This question was inspired by and is somewhat related to this question.
In his article "Crystals and the de Rham cohomology of schemes" in the collection "Dix exposes sur la cohomologie des schemas" Grothendieck defines the (small) infinitesimal site of an $S$-scheme $X$ using thickenings of usual opens. He then proceeds to prove that in characteristic $0$ the cohomology with coefficients in $\mathcal{O}_{X}$ computes the algebraic de Rham cohomology of the underlying scheme. This is remarkable, because the definition of the site does not use differential forms and it is not necessary for $X/S$ to be smooth.
This fails in positive characteristics, and as a remedy, Grothendieck suggests adding the additional data of divided power structures to the site, which he then calls the "crystalline site of $X/S$". This site then has good cohomological behaviour (e.g. if $X$ is liftable to char. $0$, then cohomology computed with the crystalline topos is what it "should be"). The theory of the crystalline topos was of course worked out very successfully by Pierre Berthelot.
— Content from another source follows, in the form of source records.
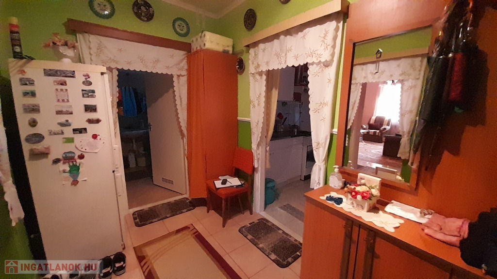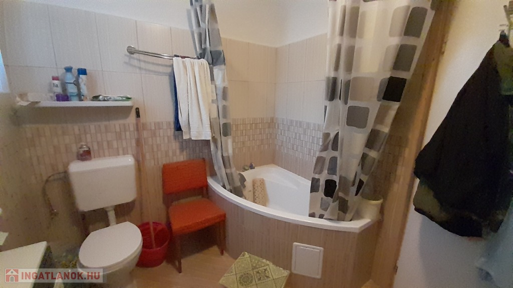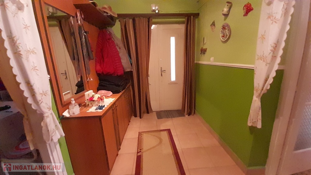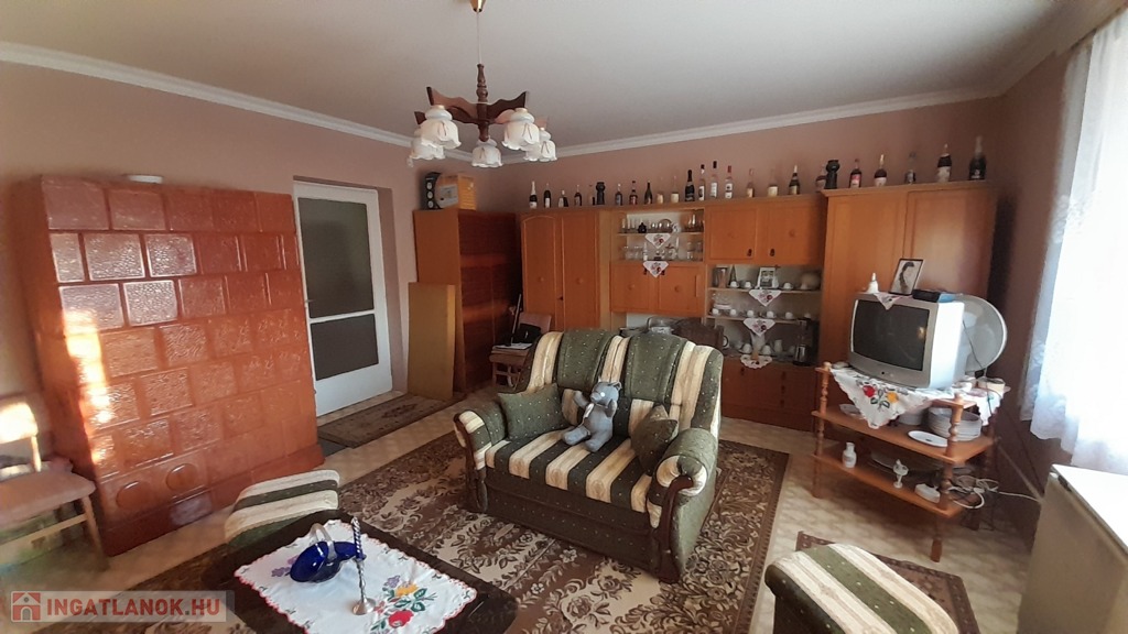 Az ingatlan 1984-ben épült, azóta a jelenlegi tulajdonosok gondosan karbantartják. A ház kőből épült, palával fedett a tetőszerkezete, nyílászárói eredeti fa anyagból készültek melyeket nem cserélték ki, mivel kifogástalan állapotban vannak. Szobák falai festettek. 50-60-cm válaszfalakkal rendelkezik, illetve a főfalak elérik a 80 cm vastagságot. Az első szoba aljzata jelenleg linóleum borítja, a második szobát laminált padló, illetve a konyhát, előteret és a fürdőszobát járólap. A szobákban beépített cserépkályha van, ami használható, de gázkonvektoros fűtési lehetőségünk is adott minden helyiségben. A fürdőszoba 2 éve lett teljes körűen felújítva, ebben beletartozik a vízhálózat csere illetve a falak csempézése, a sarokkád beépítése is. A konyha és az étkező egy helyiségben található, innen nyílik a spájz. Az ingatlan részben bútorozottan eladó.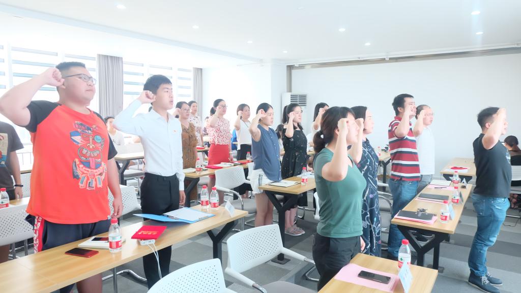 全体师生党员在“优秀党员”荣誉获得者王荟惠的带领下重温入党誓词并观看永利官网先进党员专题宣传片《坚守》。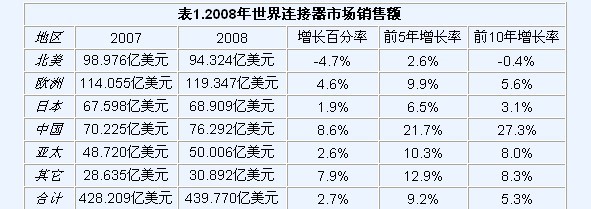 專業(yè)的連接器市場研究公司-Bishop&Associates于2009年4月公布了2008年世界連接器工業(yè)市場數(shù)據(jù),數(shù)據(jù)顯示受世界經(jīng)濟(jì)危機(jī)的拖累,2008年世界連接器工業(yè)銷售增幅急劇下滑,與上一年相比,僅增長2.7%,而2007年的增幅為7.2%,盡管如此,連接器工業(yè)仍然實現(xiàn)了6年的連續(xù)增長(2003 年11.2%, 2004年17.9%,2005年6.2%,2006年12.6%,2007年7.2%,2008年2.7%),與經(jīng)濟(jì)危機(jī)下其它電子元器件普遍負(fù)增長的糟糕表現(xiàn)相比,這一增長數(shù)字,是令人欣慰的。

My question is: Even though the infinitesimal site is in some sense not nicely behaved in positive characteristics, have people continued to study it in this context? What kind of results have been obtained, and has it still been useful? I'm particularly interested in results about $D$-modules in positive characteristic (i.e. crystals in the infinitesimal site if $X/S$ is smooth), but I am also curious to see in which other directions progress has been made.
Best Answer
There is a paper of Ogus for 1975, "The cohomology of the infinitesimal site", in which he shows that if $X$ is proper over an algebraically closed field $k$ of char. $p$, and embeds into a smooth scheme over $k$, then the infinitesimal cohomology of $X$ coincides with etale cohomology with coefficients in $k$ (or more generally $W_n(k)$ if we work with the infinitesimal site of $X$ over $W_n(k)$).
Note that, since $k$ has char. $p$, we are talking about etale cohomology with mod $p^n$ coefficients, so this is "smaller" than the usual etale cohomology; it just picks up the "unit roots" of Frobenius. So the infinitesimal cohomology gives the unit root part of the crystalline cohomology.